Some Perspectives on Quality

Originally published July 23, 2009

When it gets right down to it, there are a lot of perspectives on quality of data in a data warehouse. There is one perspective that says that data should be corrected whenever it can be corrected before it is ever entered into a data warehouse. When a value is found to be incorrect, the data should be amended if at all possible before it is placed in a data warehouse. We probably have data quality pioneer Larry English to thank for this perspective. But there are other schools of thought. There is another school of thought that holds that data should not be corrected before entry into a data warehouse, even when it is known that the data is incorrect. We probably have Geoff Holloway to thank for this perspective.

Now these are two very different approaches to the same problem. So who is right and who is wrong? It turns out that they are both right. You just have to supply the proper context to tell the difference between the two different perspectives.

In general, if data is known to be incorrect and if there is a known way to correct – to “fix” – the data, then it makes sense to correct the data if you can. Larry English is correct in this general case hypothesis. It simply does not make sense to place incorrect data into a data warehouse if it is possible not to.

But is it true that data should always be corrected before entry into the data warehouse?
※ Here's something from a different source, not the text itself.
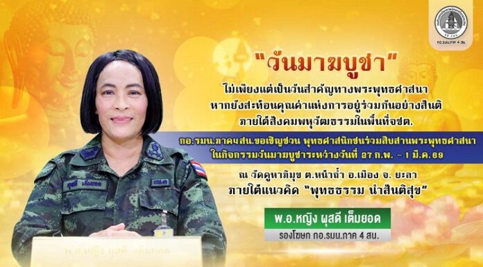 “วันมาฆบูชา” ไม่เพียงแต่เป็นวันสำคัญทางพระพุทธศาสนา หากยังสะท้อนคุณค่าแห่งการอยู่ร่วมกันอย่างสันติ ภายใต้สังคมพหุวัฒธรรมในพื้นที่ จชต. กอ.รมน.ภาค 4 สน. ขอเชิญชวนพุทธศาสนิกชนร่วมสืบสานพระพุทธศาสนา ในกิจกรรมวันมาฆบูชาระหว่างวันที่ 27 ก.พ. – 1 มี.ค.69 ณ วัดคูหาภิมุข ต.หน้าถ้ำ อ.เมือง จ.ยะลา ภายใต้แนวคิด “พุทธธรรม...

It turns out that there are quite a few circumstances when data should not or cannot be corrected prior to entry into the data warehouse. For example, suppose that upon finding some incorrect data, there is no known way to correct the data. The best you can do is to put a default value into the field that is known to be incorrect. But that really isn’t correcting the data. Or suppose that you want to provide a clerk with the best information possible in order to figure out how to actually make a correction. Geoff Holloway makes the point that keeping incorrect data even when it is known to be incorrect often provides valuable clues as to how data needs to be corrected. When the incorrect data is thrown away, no such clues exist. Or, there is the case where there is a legal reason to keep incorrect data. Take loan applications. Suppose that a home loan application is made for a billion dollars. Even though no bank or lending institution makes loans of this amount for a home and even though everyone – including the applicant – knows that this value is a mistake, there is a legal obligation to leave the loan application untouched even when it is known that the application contains incorrect or faulty data. Only the originator of the loan application can correct the data, and even then the correction is made by filing a new application, not by reentering the old application.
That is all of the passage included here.